RECORDS FOR THIS TASK
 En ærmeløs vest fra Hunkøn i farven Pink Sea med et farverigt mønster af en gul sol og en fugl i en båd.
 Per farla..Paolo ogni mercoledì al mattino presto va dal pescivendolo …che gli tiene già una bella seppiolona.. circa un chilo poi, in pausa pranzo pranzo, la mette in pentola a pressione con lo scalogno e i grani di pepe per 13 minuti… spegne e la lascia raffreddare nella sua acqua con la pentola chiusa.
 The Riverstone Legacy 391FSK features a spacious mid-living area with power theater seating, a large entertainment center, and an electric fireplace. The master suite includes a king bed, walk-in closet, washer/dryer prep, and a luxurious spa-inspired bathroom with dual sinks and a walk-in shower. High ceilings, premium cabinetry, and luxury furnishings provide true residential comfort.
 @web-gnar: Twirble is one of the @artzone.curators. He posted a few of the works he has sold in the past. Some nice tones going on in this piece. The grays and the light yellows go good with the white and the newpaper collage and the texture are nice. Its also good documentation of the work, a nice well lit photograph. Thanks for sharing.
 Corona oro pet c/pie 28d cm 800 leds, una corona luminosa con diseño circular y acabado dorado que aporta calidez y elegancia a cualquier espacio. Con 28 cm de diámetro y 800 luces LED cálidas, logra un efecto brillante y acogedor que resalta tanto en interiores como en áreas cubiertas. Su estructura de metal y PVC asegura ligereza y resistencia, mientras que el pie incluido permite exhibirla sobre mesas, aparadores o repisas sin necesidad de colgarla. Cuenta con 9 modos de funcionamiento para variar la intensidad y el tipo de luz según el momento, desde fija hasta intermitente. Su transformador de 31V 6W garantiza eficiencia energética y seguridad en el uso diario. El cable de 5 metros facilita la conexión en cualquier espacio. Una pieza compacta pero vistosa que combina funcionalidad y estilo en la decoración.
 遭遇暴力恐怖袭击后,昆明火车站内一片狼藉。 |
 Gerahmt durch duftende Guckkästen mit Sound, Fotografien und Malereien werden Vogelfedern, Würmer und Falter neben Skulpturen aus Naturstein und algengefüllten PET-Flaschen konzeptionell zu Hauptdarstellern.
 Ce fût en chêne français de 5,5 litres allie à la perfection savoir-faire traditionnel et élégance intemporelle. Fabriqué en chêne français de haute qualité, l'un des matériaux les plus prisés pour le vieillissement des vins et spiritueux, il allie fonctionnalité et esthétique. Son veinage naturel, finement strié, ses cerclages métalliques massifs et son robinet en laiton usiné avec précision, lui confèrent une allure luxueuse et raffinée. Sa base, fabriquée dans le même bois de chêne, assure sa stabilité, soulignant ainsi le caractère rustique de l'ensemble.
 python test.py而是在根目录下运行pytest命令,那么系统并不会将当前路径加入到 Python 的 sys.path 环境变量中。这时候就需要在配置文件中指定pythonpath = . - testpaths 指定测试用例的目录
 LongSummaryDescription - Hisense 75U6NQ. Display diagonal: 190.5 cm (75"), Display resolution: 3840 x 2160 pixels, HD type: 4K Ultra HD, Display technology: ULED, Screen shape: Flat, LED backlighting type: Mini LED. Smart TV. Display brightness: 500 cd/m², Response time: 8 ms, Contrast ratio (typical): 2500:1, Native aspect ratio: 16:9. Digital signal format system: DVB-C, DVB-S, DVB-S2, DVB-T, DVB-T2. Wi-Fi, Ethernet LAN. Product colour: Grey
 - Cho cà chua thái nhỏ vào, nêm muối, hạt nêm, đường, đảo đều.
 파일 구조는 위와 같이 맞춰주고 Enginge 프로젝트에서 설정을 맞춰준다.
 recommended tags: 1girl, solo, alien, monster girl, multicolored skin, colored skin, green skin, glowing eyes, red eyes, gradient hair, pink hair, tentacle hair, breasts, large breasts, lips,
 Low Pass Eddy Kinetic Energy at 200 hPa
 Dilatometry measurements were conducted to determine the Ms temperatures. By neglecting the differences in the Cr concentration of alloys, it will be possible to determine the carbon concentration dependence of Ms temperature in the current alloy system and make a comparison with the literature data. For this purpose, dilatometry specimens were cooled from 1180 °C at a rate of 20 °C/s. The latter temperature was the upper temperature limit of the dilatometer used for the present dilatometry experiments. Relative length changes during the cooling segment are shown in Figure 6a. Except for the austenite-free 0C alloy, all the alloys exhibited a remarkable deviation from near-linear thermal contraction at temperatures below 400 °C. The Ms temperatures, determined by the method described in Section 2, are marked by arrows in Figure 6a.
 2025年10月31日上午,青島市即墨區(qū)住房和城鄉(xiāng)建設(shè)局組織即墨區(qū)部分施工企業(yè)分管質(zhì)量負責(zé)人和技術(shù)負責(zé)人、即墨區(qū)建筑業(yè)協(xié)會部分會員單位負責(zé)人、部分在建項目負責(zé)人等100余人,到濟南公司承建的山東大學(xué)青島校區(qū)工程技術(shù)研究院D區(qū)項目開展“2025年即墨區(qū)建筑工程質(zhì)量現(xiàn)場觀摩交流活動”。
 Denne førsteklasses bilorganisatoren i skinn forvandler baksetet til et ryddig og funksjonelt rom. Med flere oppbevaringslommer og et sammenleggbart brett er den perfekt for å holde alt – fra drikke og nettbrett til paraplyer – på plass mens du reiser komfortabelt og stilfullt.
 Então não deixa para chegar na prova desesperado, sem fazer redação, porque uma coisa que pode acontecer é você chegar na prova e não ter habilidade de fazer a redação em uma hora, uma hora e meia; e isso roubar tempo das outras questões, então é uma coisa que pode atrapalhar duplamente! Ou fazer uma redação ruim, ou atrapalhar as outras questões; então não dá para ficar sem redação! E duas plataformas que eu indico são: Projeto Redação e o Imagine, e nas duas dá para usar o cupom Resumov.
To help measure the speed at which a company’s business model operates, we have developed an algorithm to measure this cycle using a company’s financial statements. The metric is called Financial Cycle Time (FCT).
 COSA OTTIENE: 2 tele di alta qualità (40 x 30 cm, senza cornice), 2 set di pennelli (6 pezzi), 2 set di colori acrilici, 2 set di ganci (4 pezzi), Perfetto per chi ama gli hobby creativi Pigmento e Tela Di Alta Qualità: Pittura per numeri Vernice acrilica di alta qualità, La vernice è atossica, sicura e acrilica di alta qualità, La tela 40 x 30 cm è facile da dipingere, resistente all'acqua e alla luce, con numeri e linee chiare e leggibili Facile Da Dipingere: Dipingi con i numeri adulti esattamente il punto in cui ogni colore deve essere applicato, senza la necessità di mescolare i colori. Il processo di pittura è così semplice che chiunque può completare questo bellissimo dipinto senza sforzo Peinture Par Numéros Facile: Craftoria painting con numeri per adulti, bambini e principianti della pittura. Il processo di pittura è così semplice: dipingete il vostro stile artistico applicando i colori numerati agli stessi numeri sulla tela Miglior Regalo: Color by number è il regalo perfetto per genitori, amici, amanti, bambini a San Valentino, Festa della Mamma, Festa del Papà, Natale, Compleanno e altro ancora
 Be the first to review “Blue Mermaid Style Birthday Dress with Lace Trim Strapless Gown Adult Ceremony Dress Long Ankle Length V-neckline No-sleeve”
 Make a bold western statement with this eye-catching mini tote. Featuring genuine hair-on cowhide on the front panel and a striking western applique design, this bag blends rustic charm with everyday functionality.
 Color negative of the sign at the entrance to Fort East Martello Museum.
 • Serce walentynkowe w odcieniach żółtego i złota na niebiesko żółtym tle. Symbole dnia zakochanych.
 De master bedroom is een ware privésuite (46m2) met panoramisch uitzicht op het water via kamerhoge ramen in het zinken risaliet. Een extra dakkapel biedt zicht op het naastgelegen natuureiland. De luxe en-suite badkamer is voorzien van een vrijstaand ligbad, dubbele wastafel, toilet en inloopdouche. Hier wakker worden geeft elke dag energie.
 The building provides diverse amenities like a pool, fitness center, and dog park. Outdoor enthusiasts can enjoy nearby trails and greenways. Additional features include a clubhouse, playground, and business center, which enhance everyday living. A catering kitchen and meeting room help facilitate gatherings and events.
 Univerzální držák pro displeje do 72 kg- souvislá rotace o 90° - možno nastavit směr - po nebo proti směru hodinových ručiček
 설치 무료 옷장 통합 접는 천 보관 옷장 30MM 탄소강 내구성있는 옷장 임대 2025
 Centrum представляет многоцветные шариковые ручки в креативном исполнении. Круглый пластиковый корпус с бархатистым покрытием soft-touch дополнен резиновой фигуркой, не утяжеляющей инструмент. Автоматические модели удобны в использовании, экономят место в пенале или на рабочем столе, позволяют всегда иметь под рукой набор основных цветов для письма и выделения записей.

EXERCISE PROMPT
Go through the material above and output exactly the lines from the one containing "The building provides" through the one containing "Univerzální držák pro".

RESPONSE TO THE TASK
 The building provides diverse amenities like a pool, fitness center, and dog park. Outdoor enthusiasts can enjoy nearby trails and greenways. Additional features include a clubhouse, playground, and business center, which enhance everyday living. A catering kitchen and meeting room help facilitate gatherings and events.
 Univerzální držák pro displeje do 72 kg- souvislá rotace o 90° - možno nastavit směr - po nebo proti směru hodinových ručiček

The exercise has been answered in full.